*** Begin section ***

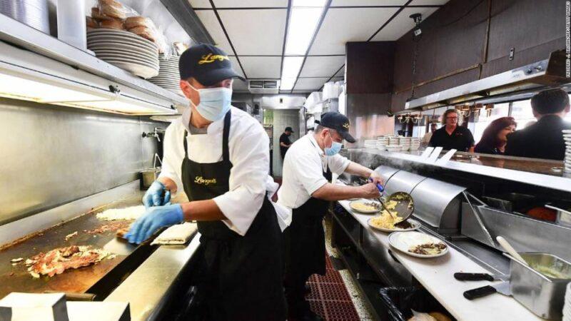 Kitchen staff prepare breakfast at Langer’s Delicatessen-Restaurant in Los Angeles on June 15, California’s first day of fully reopening its economy after some fifteen months of Covid restrictions.Eventually, these pandemic-era price hikes should normalize. Last month, Federal Reserve Chairman Jerome Powell, fielding questions about rampant inflation at a press conference, said there is no reason to assume prices will remain this high for an extended period. But quite how long they stick around remains uncertain.Powell isn’t alone in expecting inflation to fall. The bond market is pricing post-pandemic inflation to be as stubbornly low as it was before, head of income investing for the BlackRock Multi-Asset Strategies Group, Michael Fredericks said last week on CNN Business’ digital live show Markets Now.Last week, the 10-year Treasury bond yield dropped to its lowest level since February, indicating that investors likely see current price spikes as transitory, or are at least waiting to see how inflation will develop over the summer.Up next: June consumer price data is due on Tuesday.
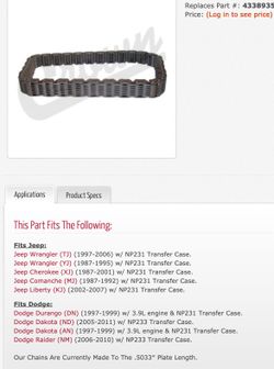 TRANSFER CASE CHAIN (31 LINKS) CROWN AUTOMOTIVE$100Hesperia, CA
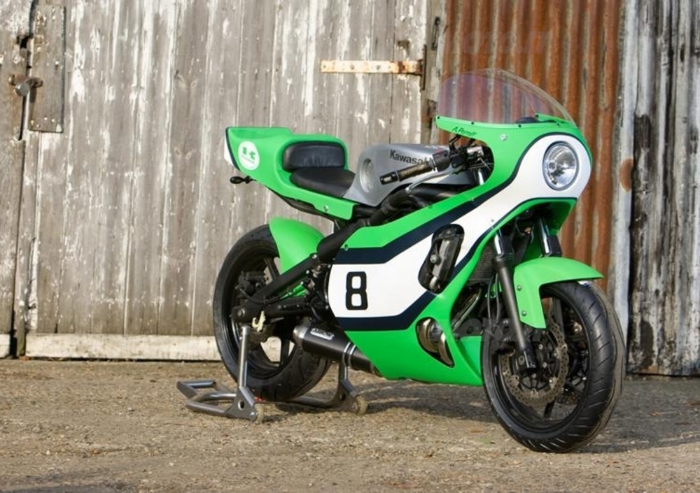 Dati forti vincoli di budget da parte di Aaron non è stato ovviamente possibile procurarsi gli elementi originali, orientando la scelta della carenatura su un’unità nata originariamente per una Bimota, su cui si è dovuto lavorare moltissimo per adattarla alla piccola Kawasaki. Tanto lavoro anche per il codone, che è stato allungato ed allargato, mentre per il serbatoio si è preferito partire direttamente da zero e realizzare un’unità in alluminio completo di tappi stile Endurance.
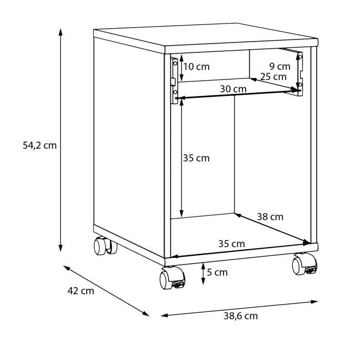 Kontener na kółkach o wymiarach: 38,6 cm szerokości, 54,2 cm wysokości oraz 42 cm głębokości
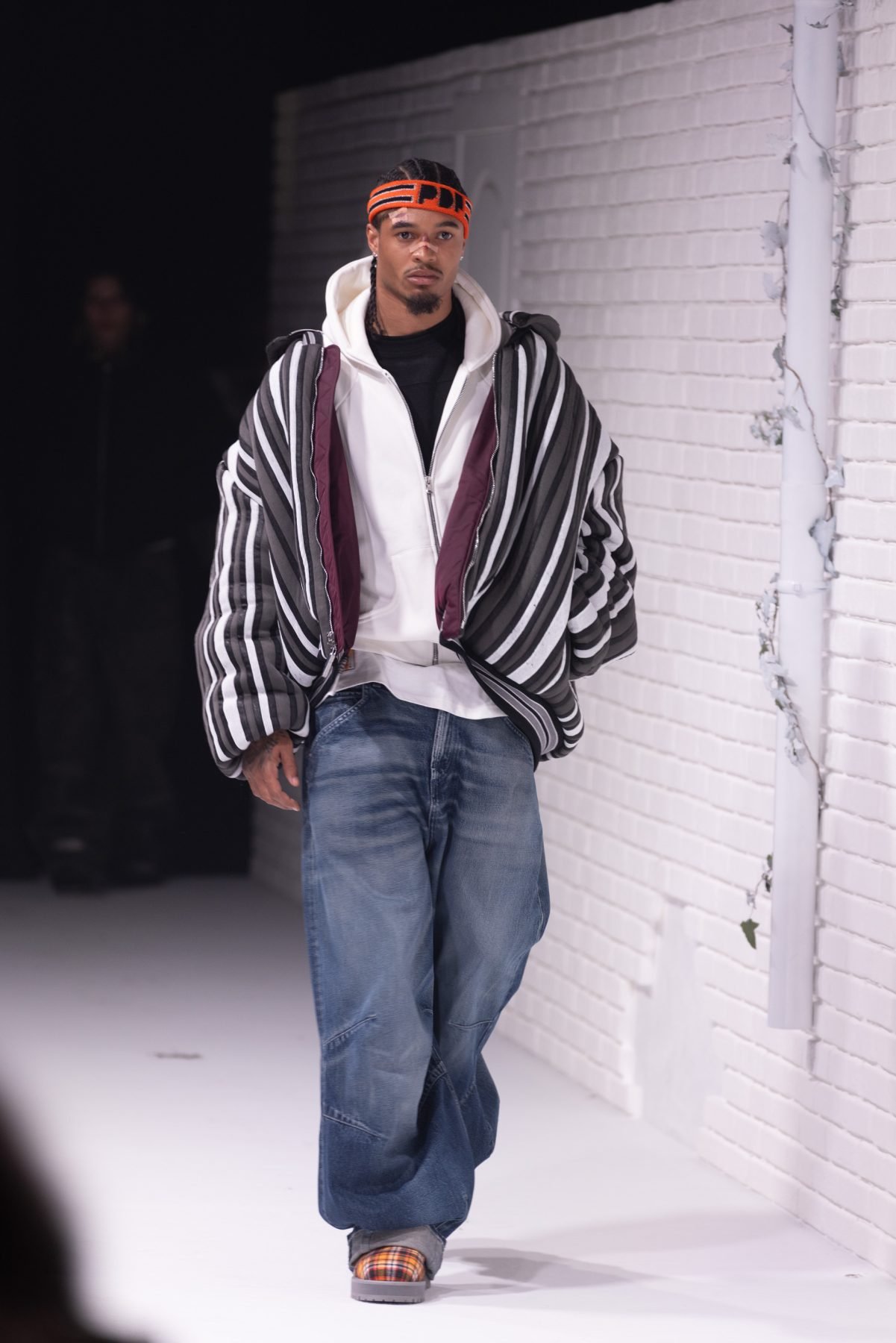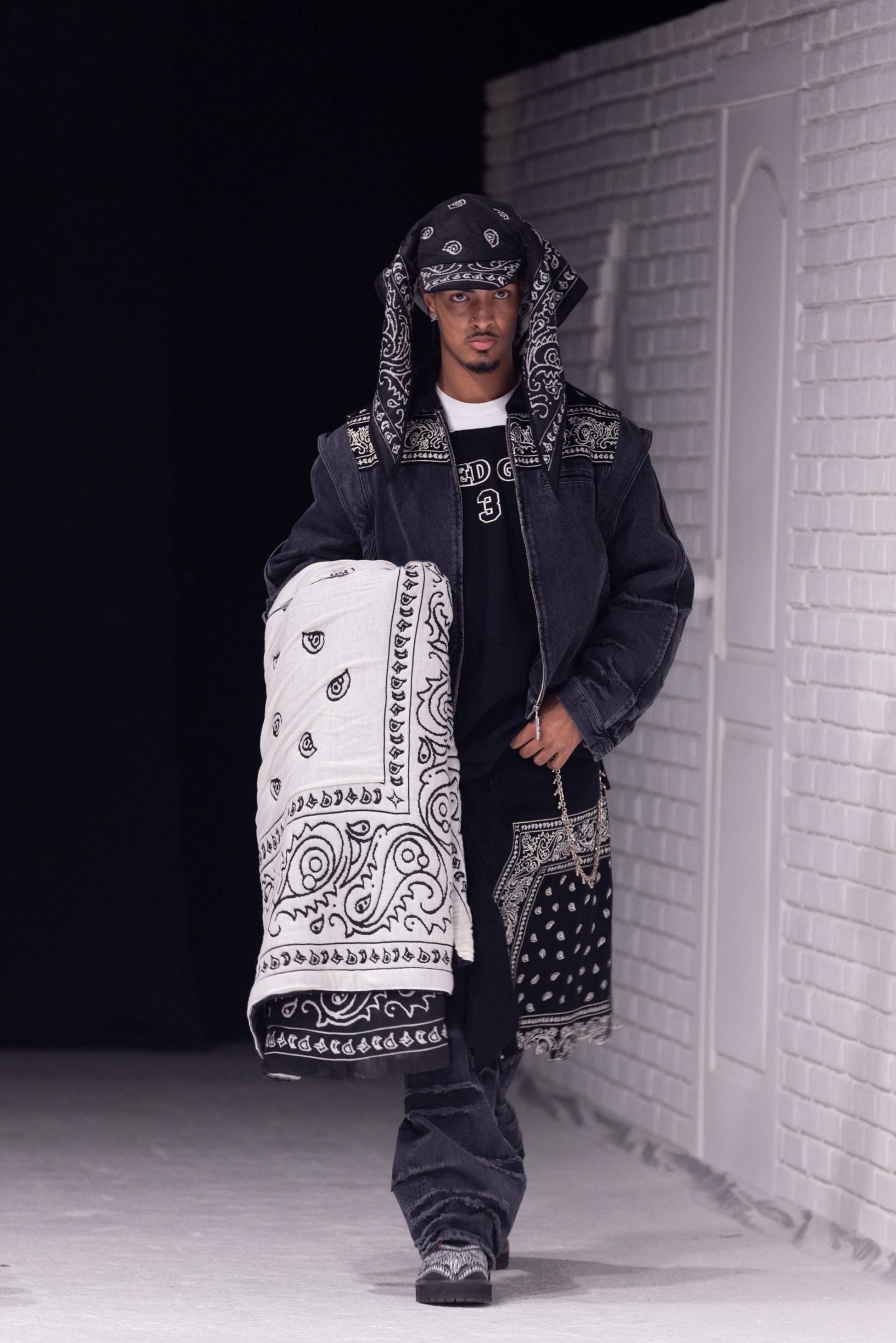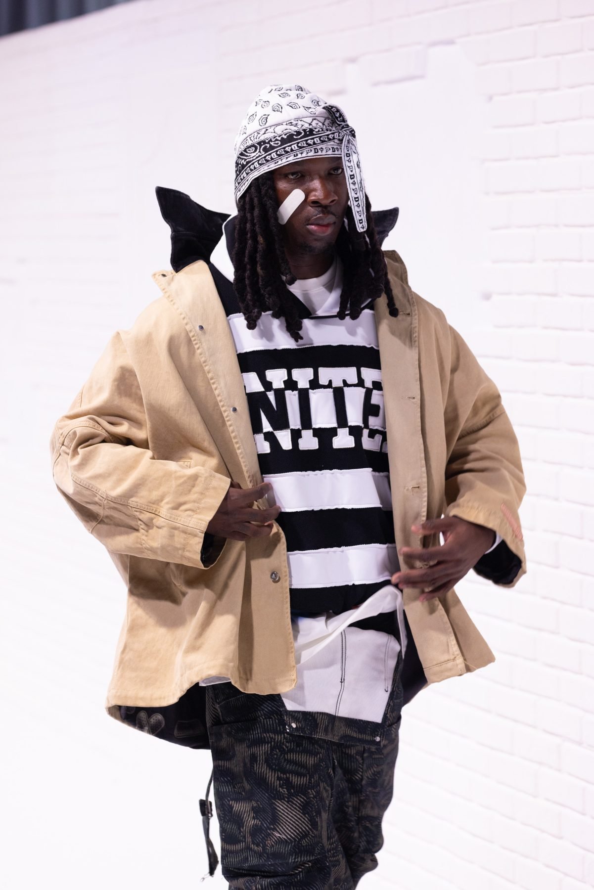 Formichetti’s commitment to community was woven into the DNA of the presentation. The runway was a melting pot of talent—models, artists, and friends of the brand, including Moise Keane, Sita Abellan, Alvin Kamara and Taylil James. Each look told a story, from graffiti-inspired prints that nodded to the visual language of 90s album covers to oversized silhouettes that recalled the sartorial swagger of Harlem in its heyday.
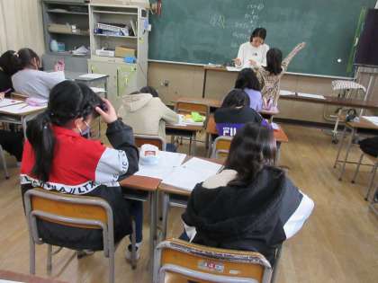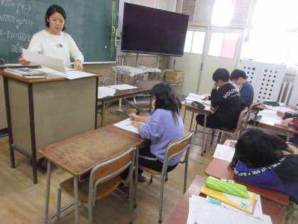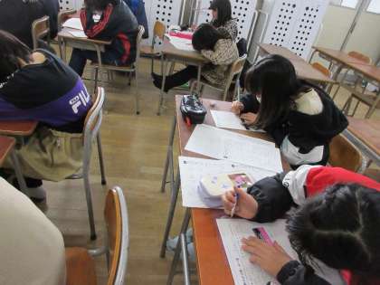 なかよし3でも、プリントの問題に集中しています。できた人は、先生に見てもらっています。
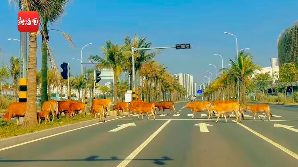 椰视频 | 牛羊群屡次上公路“散步”存安全隐患 海口交警普法相关道路规则
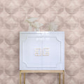 This abstract geometric has visual as well as tactile depth with overlapping circles and raised ink. In a dusty blush, the pattern adds a hint of color to walls that is playful while remaining sophisticated. Alchemy is an unpasted, non woven wallpaper.
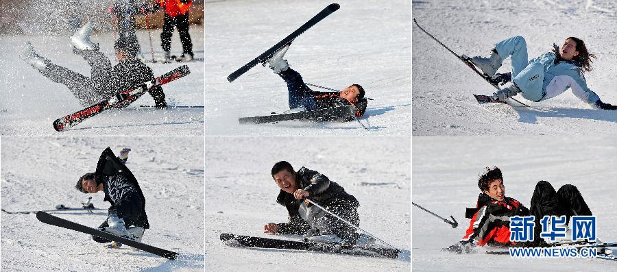 在银川鸣翠湖四季滑雪场,初学滑雪的游客在“摔打”中体验滑雪带来的快乐(拼版照片,1月3日摄)。进入冬季以来,宁夏银川多个景区纷纷推出冬季冰雪旅游体验项目,吸引众多市民和游客来到雪地“撒欢”,感受冰雪带来的速度与激情。 新华社记者王鹏 摄
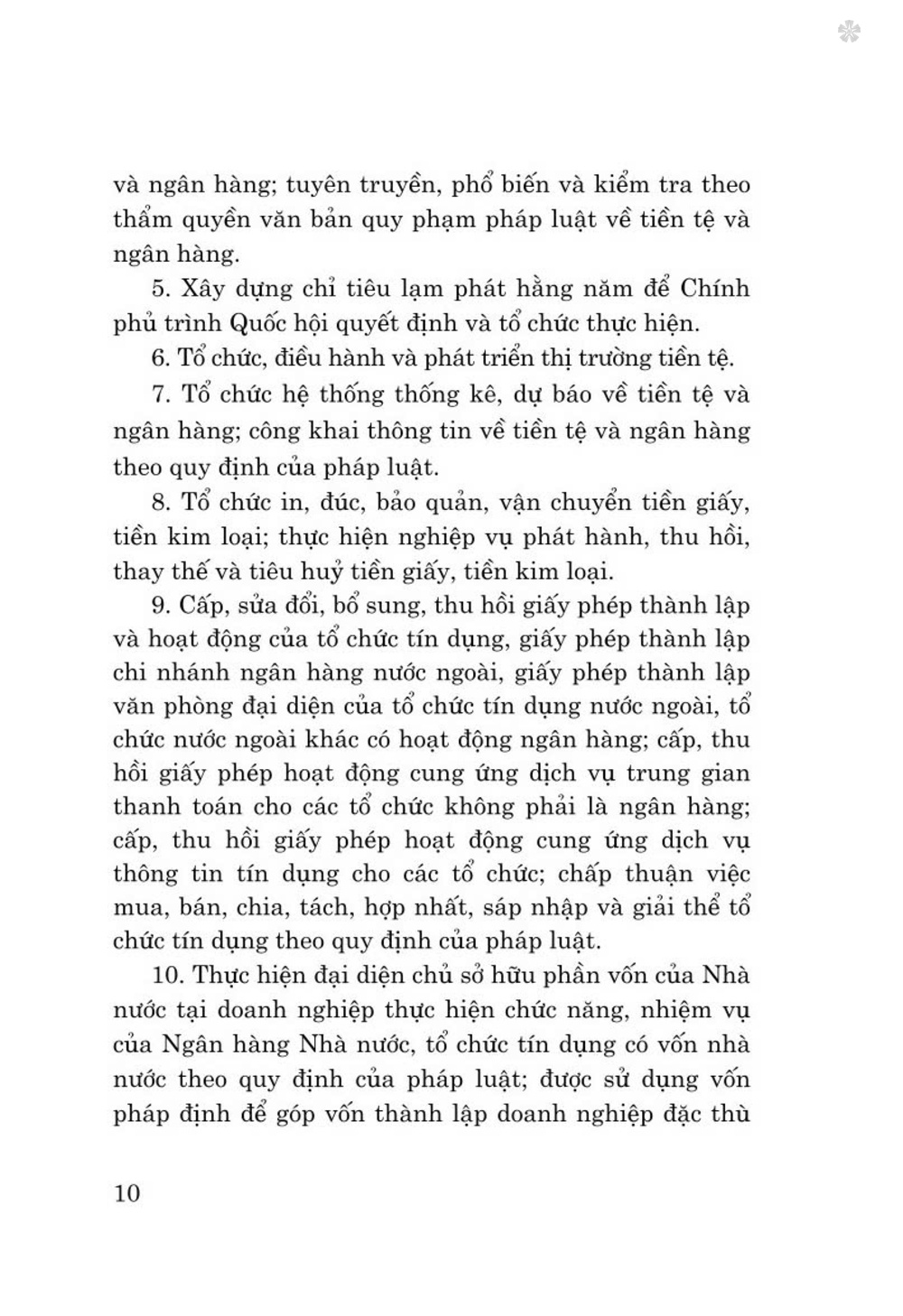 Nội dung cuốn sách là văn bản luật được hợp nhất giữa Luật Ngân hàng Nhà nước Việt Nam năm 2010 và phần nội dung được sửa đổi, bổ sung trong Luật Phòng, chống rửa tiền năm 2022.

*** End section ***

**Your task:** Your answer must consist solely of the lines from the one containing "Formichetti’s commitment to" through the last line of the records above, copied exactly, with every picture left out.

**Written answer:**
 Formichetti’s commitment to community was woven into the DNA of the presentation. The runway was a melting pot of talent—models, artists, and friends of the brand, including Moise Keane, Sita Abellan, Alvin Kamara and Taylil James. Each look told a story, from graffiti-inspired prints that nodded to the visual language of 90s album covers to oversized silhouettes that recalled the sartorial swagger of Harlem in its heyday.
 なかよし3でも、プリントの問題に集中しています。できた人は、先生に見てもらっています。
 椰视频 | 牛羊群屡次上公路“散步”存安全隐患 海口交警普法相关道路规则
 This abstract geometric has visual as well as tactile depth with overlapping circles and raised ink. In a dusty blush, the pattern adds a hint of color to walls that is playful while remaining sophisticated. Alchemy is an unpasted, non woven wallpaper.
 在银川鸣翠湖四季滑雪场,初学滑雪的游客在“摔打”中体验滑雪带来的快乐(拼版照片,1月3日摄)。进入冬季以来,宁夏银川多个景区纷纷推出冬季冰雪旅游体验项目,吸引众多市民和游客来到雪地“撒欢”,感受冰雪带来的速度与激情。 新华社记者王鹏 摄
 Nội dung cuốn sách là văn bản luật được hợp nhất giữa Luật Ngân hàng Nhà nước Việt Nam năm 2010 và phần nội dung được sửa đổi, bổ sung trong Luật Phòng, chống rửa tiền năm 2022.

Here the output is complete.